Direct-Brand Revolution Will Hit Media Industry Hard


Direct-Brand Revolution Will Hit Media Industry Hard




by , Featured Contributor, June 28, 2018


The following post was previously published in an earlier edition of Media Insider:


Are big media companies ready for another big wave of disruption? They’d better be. The direct-brand revolution is starting, and it might not be pretty for large incumbent players in the media industry.


I recently participated in the Interactive Advertising Bureau’s introductory event on “The Direct Brand Economy,”  focused on fast-emerging disruptor brands like Quip, Casper and Hubble Contacts.


We were lucky to have many of these brands’ founders and heads of growth in attendance, which meant the chance to learn how these digitally born companies see everything from data and dashboards to traditional advertising and podcasts to partnerships with brick-and-mortar retailers. To say the least, it was a fascinating morning.


My biggest takeaway was that direct brands present both enormous opportunities and even bigger challenges for the media industry. Here are a couple of reasons why:


Direct brands like advertising. Direct brands sell directly to consumers, so they use a lot of advertising. Anyone who rides New York City subways or listens to podcasts experiences this trend firsthand. Capsule, Casper, and Oscar are all over the subway. Mack Weldon and Quip are all over podcasts. Hubble is nailing it in social.


Direct brands represent a brand-new segment with theoretically unlimited ad budgets  — since the more products these companies sell, the more ads they want to buy. This is a big opportunity for media sellers.


When it comes to advertising, direct brands want their cake, and they want to eat it  too. Digital is where their founders cut their teeth. They buy lots of search and social, and most hope to graduate to television advertising at some point. But they want TV to work just like search and social: They expect performance pricing, daily reporting, analytic dashboards, granular targeting, low campaign entry points, the ability to optimize across lots of ad creatives and a positive ROI from each and every channel. This is a real challenge for TV companies.


Direct brands will kill many legacy advertiser brands. How many ads are Sears, JC Penney, Montgomery Wards and Borders buying these days? Exactly. Dollar Shave Club and Harry’s don’t have to beat Gillette in market share to teach tens of millions of men to buy razors online and stop shopping for them at Walgreens, Walmart and CVS. It’s the same for chewy.com and The Farmer’s Dog versus Petco, teaching people to buy pet food and supplies online.


This means that media companies had better build relationships with these new brands, since some of their long-standing advertisers are likely to go away over time.


Most of these direct brands manage their search and social in-house. While they are outsourcing podcast media and out-of-home, most expect to in-house their TV ad buying when they’re ready.

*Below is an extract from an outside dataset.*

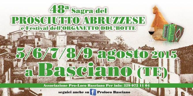 Dal 5 al 9 agosto, Basciano tornerà ad animarsi con la Sagra del Prosciutto Abruzzese e il Festival dell'organetto "Ddu' bbotte", e il paese, per l'occasione, si adorna a festa, per accogliere i numerosi estimatori di queste due belle manifestazioni, senz'altro tra le più longeve e consecutive, fin dalla nascita (1968) della Regione Abruzzo

This could be trouble for TV companies. Inviting these brands and their agencies to your upfront presentation once a year won’t be enough – even if you had room enough in the theater for the thousands of these brands that have emerged just so far this year. Selling to them means going on the road  — which might only mean taking the L train to Brooklyn — if you want their business. Trying to do business on the phone won’t cut it. All this will be tough for a lot of legacy media sellers.


What do you think?

MediaPost.com: Search Marketing Daily

(29)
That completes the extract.